Humberto Pinho da Silva
"Ter cultura não é
saber de tudo um pouco; também não é saber muito de um só assunto. É conhecer a
fundo alguns grandes espíritos, alimentar-se deles, assimilá-los." André
Maurois, Carta Aberta a um Jovem, Pórtico Editor.
Para muitos,
principalmente para os que pensam pela cabeça alheia, culto é quem cursou a
Faculdade e é senhor de profundos conhecimentos gerais. Mas, será isso cultura?
Cultura é o que permanece
de leitura realizada durante décadas a fio. Em outras palavras, é o que fica
depois de tudo se ter esquecido.
A memória é, como alguém
disse, a faculdade de esquecer. O subconsciente retém apenas resquícios do que
se aprendeu; tudo, pouco a pouco, se volatiliza.

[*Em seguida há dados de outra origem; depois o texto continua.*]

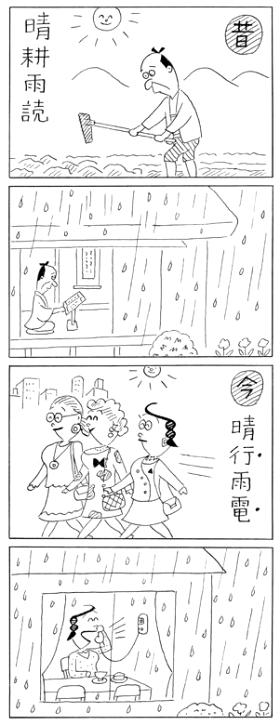 皮肉の中にも、たいがい「愛」があります。「共働き」を語るとき、「電車の中に冷蔵庫があればいいのに」と女性の立場で考えます。「こどもの日」に、今は亡き老母が、仏壇からすうーっと出てきて、うたた寝する年老いた息子にふとんをかけます。こんな懐の深い目配りもサンペイさんならではでしょう。
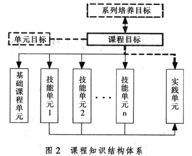 以课程为单元构建面向教学的知识结构体系是系列课程结构体系构建的重要源泉与有力保证,单元课程建设的成败与否直接影响到系列课程建设目标的实现。因此,单元课程知识结构的构建必须建立在系列课程培养目标的基础之上,要紧密围绕系列培养目标,在系列课程培养目标的指导下确立单元课程目标,进而构建其知识结构体系,如图2所示。
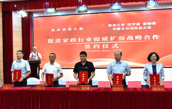 东北三省一区总工会与北京市、上海市总工会签订了家政行业合作框架协议,建立“省统筹指导、市(地)落实”劳务协作框架,通过工会搭建平台,常态化组织东北地区家政行业务工人员到北京、上海等地就业,并在薪酬待遇、劳动权益等方面完善保障机制,促进外出务工就业人员顺利、稳定、高质量地充分就业。
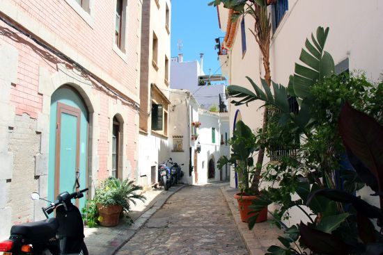 А теперь можно немного прогуляться и по самому городу. Ситжес всегда какой-то очень светлый, радостный, может потому, что дома, в основном, белые. И даже в узких улочках старой части города всегда светло.
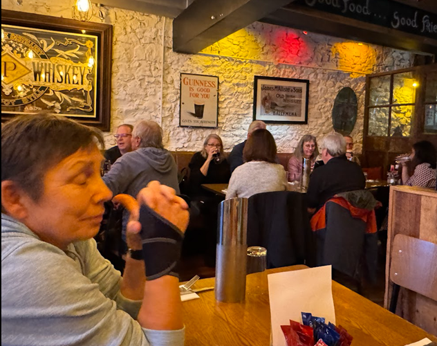 We had a delightful evening. Our goal was to go to the hotel pub and listen to music. We arrived early to get a table for two, ordered two Guinness and later an Irish coffee, and enjoyed the music. With us meeting members of the Rick Steves tour tomorrow, we elected to have an early night and made our way to our room at 9:00 pm. We tried watching TV, but could find nothing but soap operas, and gave up on that mission.

É vulgar confundir cultura
com erudição. Esta resulta do conhecimento adquirido, geralmente pela leitura,
que permite citar o que os outros pensaram sobre determinada matéria.
Em regra, o erudito
recorre à memória de papel, guardando no livrinho de apontamentos ou
conservando em fichas o que leu, em livros ou nos meios de comunicação.
Será realmente possível recordar o que se esqueceu? E se varreu da memória?
É possível. Permanece no
subconsciente a essência, que permite pensar, raciocinar com ponderação. Isso é
cultura.
Ser culto, não é,
portanto, muito saber, muito menos recordar o que se aprendeu; mas saber
utilizar os conhecimentos adquiridos, sem se saber, muito bem como, quando, e
onde foram obtidos.
A cultura não é só obtida
pelo estudo ou pela leitura, provém, igualmente, de tudo que se observou ao
longo da vida.
Ferreira de Castro,
notável escritor, que escreveu parte da sua obra no Brasil, não possuía
qualquer formação académica, para além da escola primária.
Diz Jaime Brasil:
"Que cultura, que experiência tinha Ferreira de Castro quando foi para o
Brasil? Somente a dos pobres livros escolares."
"Quando fez o seu
exame de primeiras letras, deram-lhe, como prêmio, um livro de Eduardo Noronha,
Do Algarve ao Minho em Automóvel. É muito pouco, como cultura, mas o
bastante para alicerçar uma"
E chegado ao Brasil, no sertão, apenas lia o "Almanaque de Lembranças Luso-Brasileiro", emprestado por amigos. Isso não impediu que mais tarde escrevesse os "Emigrantes", curioso romance que é sempre atual.
Concluindo: cultura é o
que fica após tudo se ter esquecido.